Naturalness, weak scale supersymmetry, and the prospect for the observation of supersymmetry at the Fermilab Tevatron and at the CERN LHC

Abstract

Naturalness bounds on weak scale supersymmetry in the context of radiative breaking of the electroweak symmetry are analyzed.

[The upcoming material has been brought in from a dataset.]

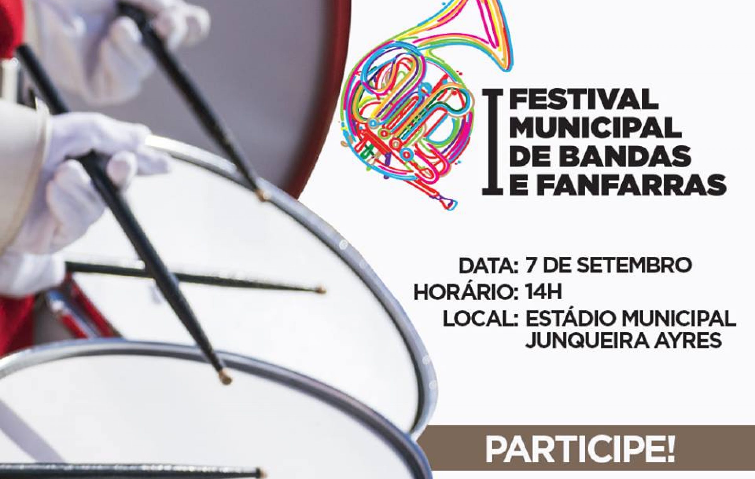 Neste sábado, dia 07 de setembro, data em que é comemorado o Dia Municipal de Bandas e Fanfarras, a Prefeitura de São Francisco do Conde irá realizar o I Festival Municipal de Bandas e Fanfarras. O evento, que acontecerá no Estádio Municipal Junqueira Ayres, às 14h, contará com apresentações e shows para a comunidade.

In the case of minimal supergravity it is found that for low $\tan \beta$ and for low values of fine-tuning $\Phi ,$ where $\Phi$ is defined essentially by the ratio ${\mu }^2{/M}_Z^2$ where $\mu$ is the Higgs mixing parameter and $M_Z$ is the $Z$ boson mass, the allowed values of the universal scalar parameter $m_0,$ and the universal gaugino mass $m_{1/2}$ lie on the surface of an ellipsoid with radii fixed by $\Phi$ leading to tightly constrained upper bounds $\sim \sqrt{\Phi }.$ Thus for $\tan \beta <~2(<~5)$ it is found that the upper limits for the entire set of sparticle masses lie in the range $<700\mathrm{}\hspace{0.5em}\mathrm{GeV}\hspace{0.5em}(<\mathrm{}1.5\mathrm{}\hspace{0.5em}\mathrm{TeV})$ for any reasonable range of fine-tuning $(\Phi <~20).$ However, it is found that there exist regions of the parameter space where the fine-tuning does not tightly constrain $m_0$ and $m_{1/2}.$ Effects of nonuniversalities in the Higgs boson sector and in the third generation sector on naturalness bounds are also analyzed and it is found that nonuniversalities can significantly affect the upper bounds. It is also found that achieving the maximum Higgs boson mass allowed in supergravity unified models requires a high degree of fine-tuning. Thus a heavy sparticle spectrum is indicated if the Higgs boson mass exceeds 120 GeV. The prospect for the discovery of supersymmetry at the Fermilab Tevatron and at the CERN LHC in view of these results is discussed.